**Your objective:**
Omit any picture, and return the remaining data exactly as written.

**Given records:**
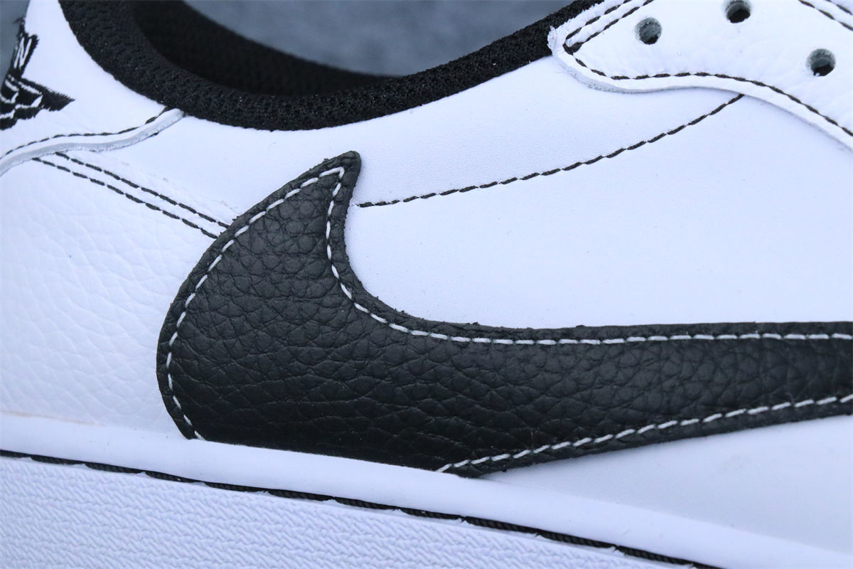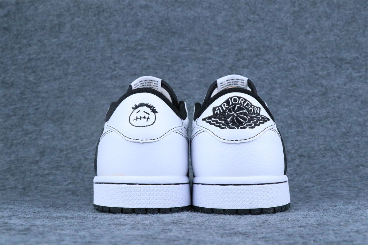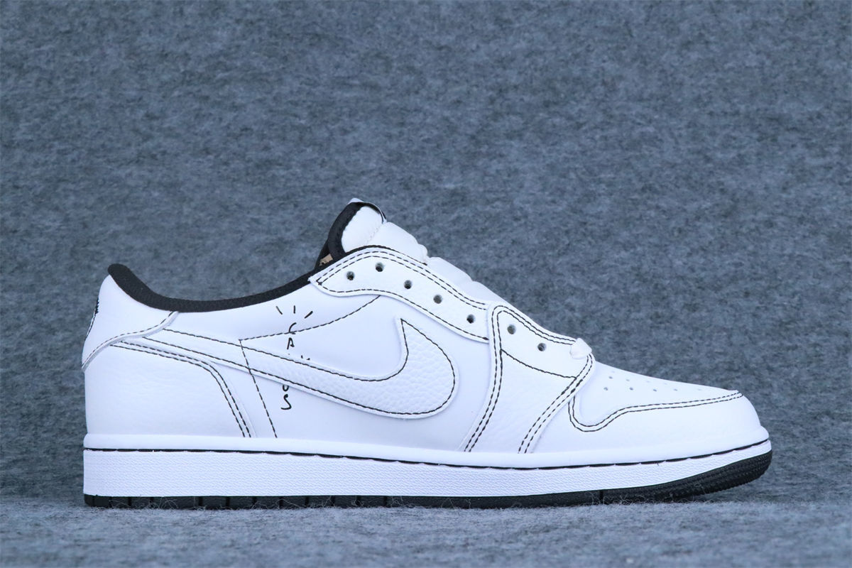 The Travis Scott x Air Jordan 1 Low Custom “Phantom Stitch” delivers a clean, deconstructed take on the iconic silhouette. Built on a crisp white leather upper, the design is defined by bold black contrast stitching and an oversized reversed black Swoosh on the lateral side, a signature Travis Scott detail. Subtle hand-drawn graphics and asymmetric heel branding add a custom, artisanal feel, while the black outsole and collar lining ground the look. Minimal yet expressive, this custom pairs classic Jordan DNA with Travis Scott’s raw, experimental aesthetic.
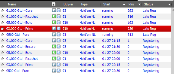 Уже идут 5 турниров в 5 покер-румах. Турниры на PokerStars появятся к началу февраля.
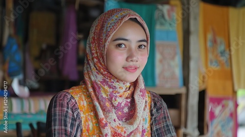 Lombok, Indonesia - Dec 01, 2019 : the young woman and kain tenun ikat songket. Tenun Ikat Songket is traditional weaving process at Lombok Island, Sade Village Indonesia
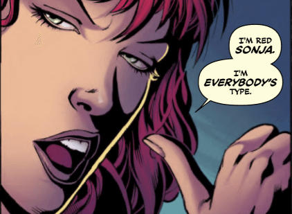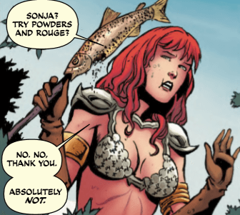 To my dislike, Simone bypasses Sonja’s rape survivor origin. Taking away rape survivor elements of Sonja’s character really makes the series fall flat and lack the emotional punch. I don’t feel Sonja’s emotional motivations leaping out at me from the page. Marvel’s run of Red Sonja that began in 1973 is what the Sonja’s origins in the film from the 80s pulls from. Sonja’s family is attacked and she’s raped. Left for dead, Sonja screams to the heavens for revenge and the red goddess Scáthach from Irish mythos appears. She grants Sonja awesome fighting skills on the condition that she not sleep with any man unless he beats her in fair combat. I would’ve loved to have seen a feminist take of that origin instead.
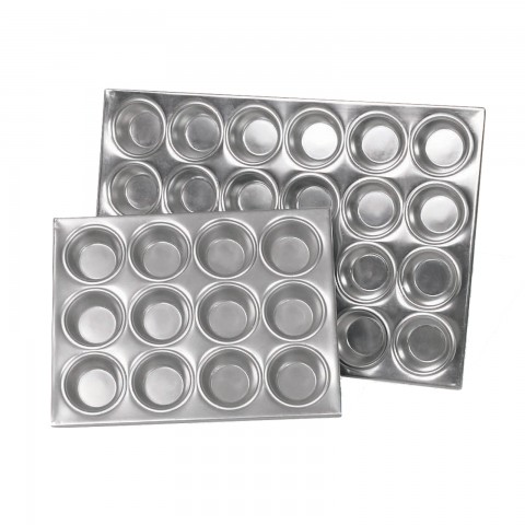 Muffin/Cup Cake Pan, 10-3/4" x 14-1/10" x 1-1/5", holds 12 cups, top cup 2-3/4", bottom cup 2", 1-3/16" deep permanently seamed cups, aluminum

**Written answer:**
 The Travis Scott x Air Jordan 1 Low Custom “Phantom Stitch” delivers a clean, deconstructed take on the iconic silhouette. Built on a crisp white leather upper, the design is defined by bold black contrast stitching and an oversized reversed black Swoosh on the lateral side, a signature Travis Scott detail. Subtle hand-drawn graphics and asymmetric heel branding add a custom, artisanal feel, while the black outsole and collar lining ground the look. Minimal yet expressive, this custom pairs classic Jordan DNA with Travis Scott’s raw, experimental aesthetic.
 Уже идут 5 турниров в 5 покер-румах. Турниры на PokerStars появятся к началу февраля.
 Lombok, Indonesia - Dec 01, 2019 : the young woman and kain tenun ikat songket. Tenun Ikat Songket is traditional weaving process at Lombok Island, Sade Village Indonesia
 To my dislike, Simone bypasses Sonja’s rape survivor origin. Taking away rape survivor elements of Sonja’s character really makes the series fall flat and lack the emotional punch. I don’t feel Sonja’s emotional motivations leaping out at me from the page. Marvel’s run of Red Sonja that began in 1973 is what the Sonja’s origins in the film from the 80s pulls from. Sonja’s family is attacked and she’s raped. Left for dead, Sonja screams to the heavens for revenge and the red goddess Scáthach from Irish mythos appears. She grants Sonja awesome fighting skills on the condition that she not sleep with any man unless he beats her in fair combat. I would’ve loved to have seen a feminist take of that origin instead.
 Muffin/Cup Cake Pan, 10-3/4" x 14-1/10" x 1-1/5", holds 12 cups, top cup 2-3/4", bottom cup 2", 1-3/16" deep permanently seamed cups, aluminum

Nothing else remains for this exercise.